Given information section start

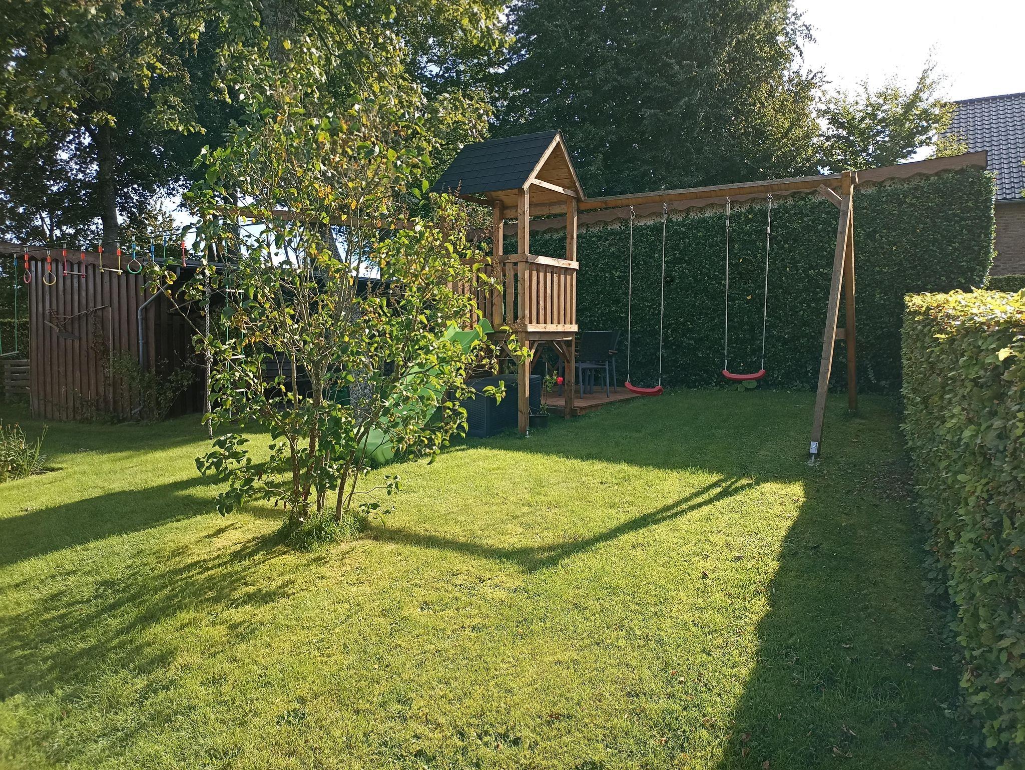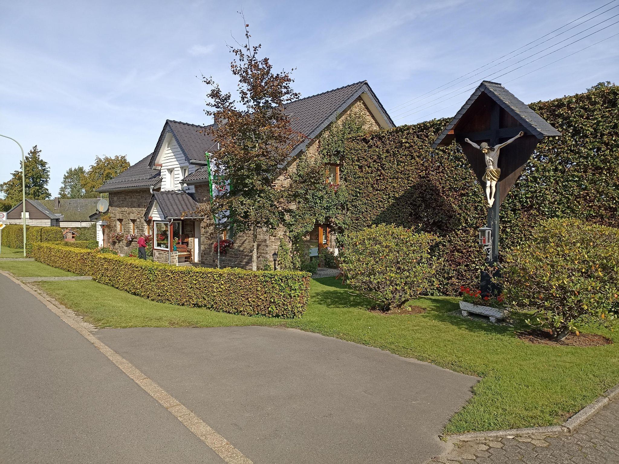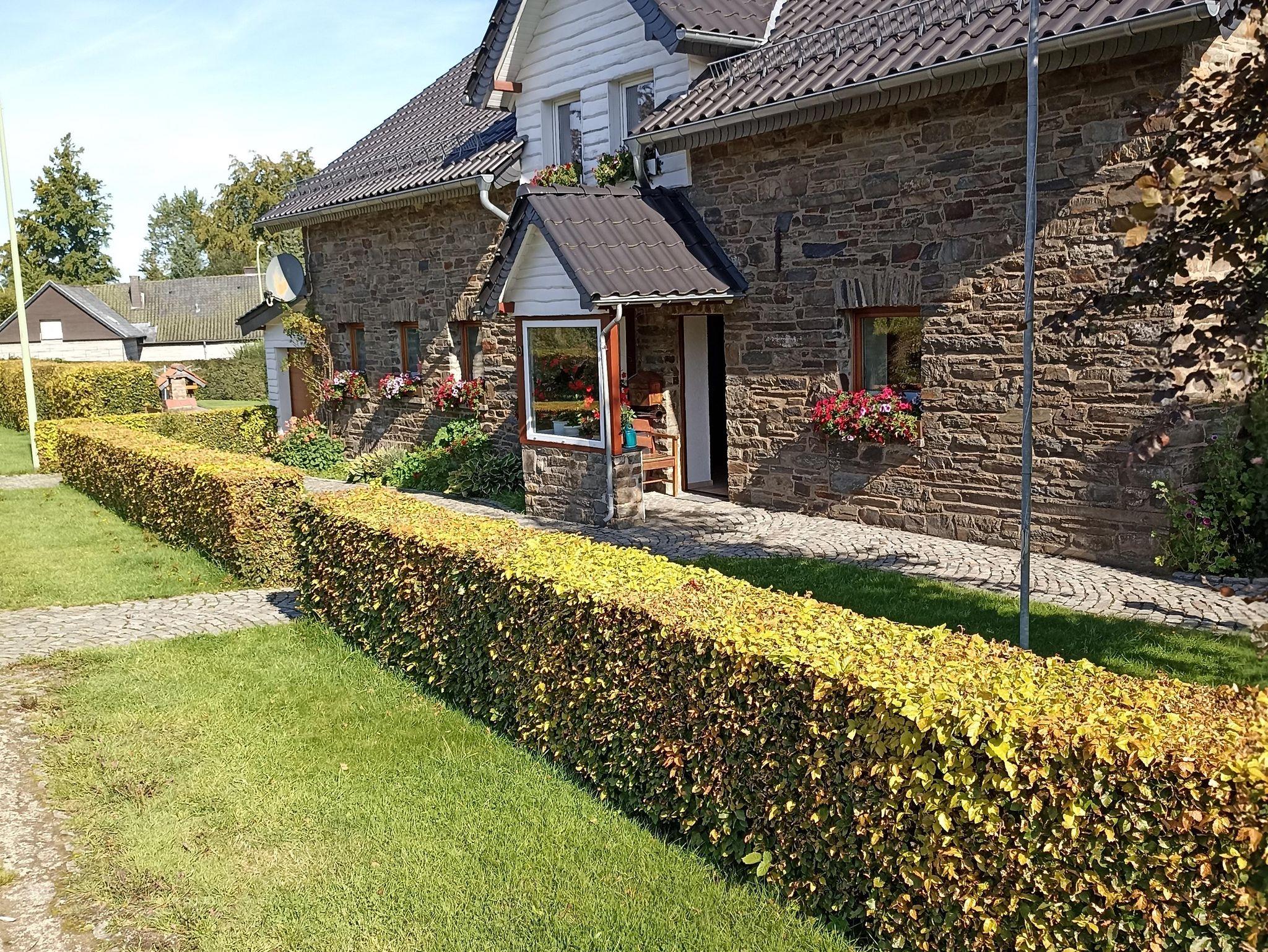 Wir haben unsere Wohnung Biebes - das heißt Schmetterling - genannt. Der Biebes ist das Wahrzeichen unseres Dorfes und wir bringen mit dem Namen unsere Verbundenheit mit unserem Heimatort zum Ausdruck. Zum Haus gehört ein großer Garten, der von unseren Gästen mitgenutzt werden kann. Wir pflegen unser Grundstück, lassen der Natur in einigen Bereichen aber auch ihren Raum, so dass uns im Sommer eine Vielzahl von echten Biebessen begegnen. Im Herbst sammelt ein Eichhornpärchen die Nüsse ein. Es gibt auch Räuber an unserem Haus, denn ein bis zwei Elsterpärchen nisten immer in den großen Buchen im Garten.
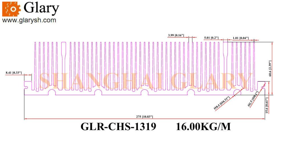 275mm 10.83″ aluminum heatsink
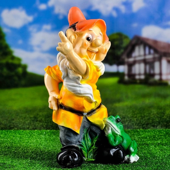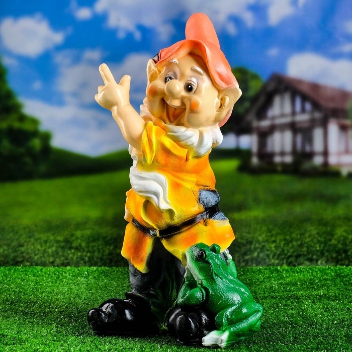 Садовая фигура "Гном с лягушкой" 20х27х50 см
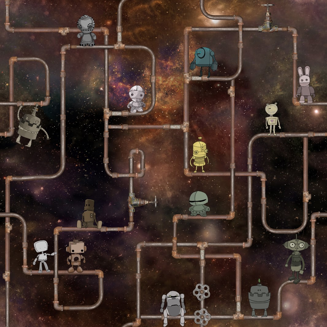 Chiar și la prima vedere a acestui fototapet cu roboți mici, puteți vedea diferitele lor aspecte și caracteristici. Găsește-ți preferatul.

Given information section end

The material above is to be set down exactly, with pictures removed.

Answer space
 Wir haben unsere Wohnung Biebes - das heißt Schmetterling - genannt. Der Biebes ist das Wahrzeichen unseres Dorfes und wir bringen mit dem Namen unsere Verbundenheit mit unserem Heimatort zum Ausdruck. Zum Haus gehört ein großer Garten, der von unseren Gästen mitgenutzt werden kann. Wir pflegen unser Grundstück, lassen der Natur in einigen Bereichen aber auch ihren Raum, so dass uns im Sommer eine Vielzahl von echten Biebessen begegnen. Im Herbst sammelt ein Eichhornpärchen die Nüsse ein. Es gibt auch Räuber an unserem Haus, denn ein bis zwei Elsterpärchen nisten immer in den großen Buchen im Garten.
 275mm 10.83″ aluminum heatsink
 Садовая фигура "Гном с лягушкой" 20х27х50 см
 Chiar și la prima vedere a acestui fototapet cu roboți mici, puteți vedea diferitele lor aspecte și caracteristici. Găsește-ți preferatul.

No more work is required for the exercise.